"Tiger" drawn by polar drawing machine


The drawing paper is stuck on the rotary plate. By rotating the plate, the angle phi can be adjusted. The rotary plate is driven by a NEMA 17 stepper motor, which allows fast and accurate positioning.

Exploded view of the rotary plate


The linear axis is predominantely built of fischertechnik parts. This measure saves 3D printing costs and time. Moreover, fischertechnik parts can be reused in other projects.

The linear axis is driven by a NEMA 14 stepper motor. Unlike the NEMA 17 motor, it has less torque but a higher rotational speed, which is essential due to the high gear redcution at the screw. Although the stepper motor allows precise positioning, a limit switch is required to set a reference point for calibration purposes.


The pen lift mechanism is designed to lift the pen up and down quickly. Instead of using a servo motor which often causes jitter and lacks stability, I prefer using a simple DC Motor, which rotates a cam disk. The cam disk either pushes the pen down or lets the return spring push the pen up. There is a limit switch to set the end position.


The microcontroller could be a project on its own as it is a plug-and-play controller with integrated motor drivers. It focuses on controlling fischertechnik hardware, such as DC Motors and a variety of different sensors.
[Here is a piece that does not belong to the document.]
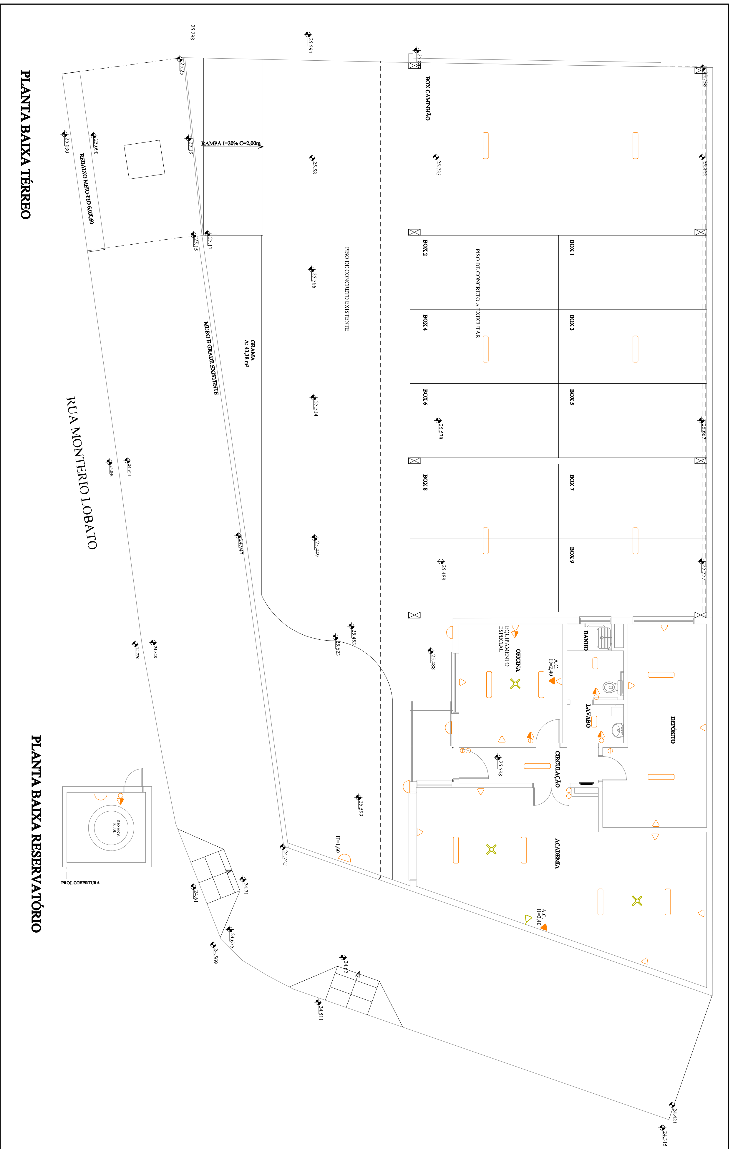
PLANTA BAIXA TÉRREO

Plug-and-play microcontroller for fischertechnik hardware


How to get a plot from a bitmap?

Step1: Open the bitmap in Inkskape, vectorize it and export it as.dxf file

Step 2: Generate G-code with an CAM processor

Step 3: Consisting of Cartesian coordinates, the G-code has to be transferred to polar coordinates. Therefore, I have written a Java applet.

Step 4: Transfer the polar G-code to the drawing machine. The Arduino runs a G-code interpreter in order to execute the commands. It controls the stepper motors so that the plot is drawn on the peace of paper.